6. Climb subsonically at optimum climb angle and velocity to an optimum altitude, using high bypass turbofan/ATE/ramjet (supercharged afterburner) power.

7. Perform an optimum pitch-over into a nearly constant-energy (shallow Y_angle) dive if necessary, and accelerate through the transonic region to approximately Mach 1.2, using turbofan/ATE/ramjet (supercharged afterburner) power.

8. Execute a long-radius optimum pitch-up to an optimum supersonic climb flight path, using turbofan/ATE/ramjet power.

9. Climb to approximately 29 km (95 kft) altitude, and 1900 m/s (6200 fps) velocity, at optimum flight path angle and velocity, using proportional fuel-flow throttling from turbofan/ATE/ramjet, or full ramjet, as required to maximize total energy acquired per unit mass of fuel consumed as function of velocity and altitude.

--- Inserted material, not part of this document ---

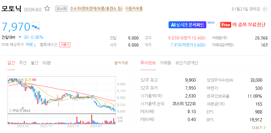 외국인 보유 비중은 11.12% 이며 장중 거래량은 8,356원 을 기록했습니다. 매출액은 1,844억 원을 달성했습니다. EPS는 없음원이며 모토닉 주식 배당수익률은 20.99% 입니다.

10. Ignite rocket engines to full required thrust level at 6200 fps and parallel burn with airbreathing engines to 7200 fps.

11. Shut down airbreather engines while closing airbreather inlet ramps.

12. Continue rocket power at full thrust.

13. Insert into an equatorial elliptical orbit 91 x 556 km (50 x 300 nmi) along an optimum lift/drag/thrust flight profile.

14. Shut down rocket engines and execute a Hohmann transfer to 556 km (300 nmi).

15. Circularize Hohmann transfer.

16. Release Payload or dock with Space Station at that orbit.

17. Perform delta-v maneuver and insert into an equatorial elliptical orbit 91 x 556 km (50 x 300 nmi) in preparation for re-entry.

18. Perform a low-gamma (flight path angle), high-alpha (angle of attack) re-entry deceleration profile very similar to Space Shuttle to approximately Mach 6.

19. Reduce alpha (angle of attack) to appropriate angle for maximum lift/drag ratio for high speed glide and cross range maneuvers to subsonic velocity (Mach 0.85).

20. Open inlets and start some airbreather engines.

21. Perform powered flight to landing field, land on runway, and taxi to jetway. Flyback fuel requirements include approximately 300 nmi subsonic cruise and two landing approach maneuvers (first approach waveoff with fly-around for second approach).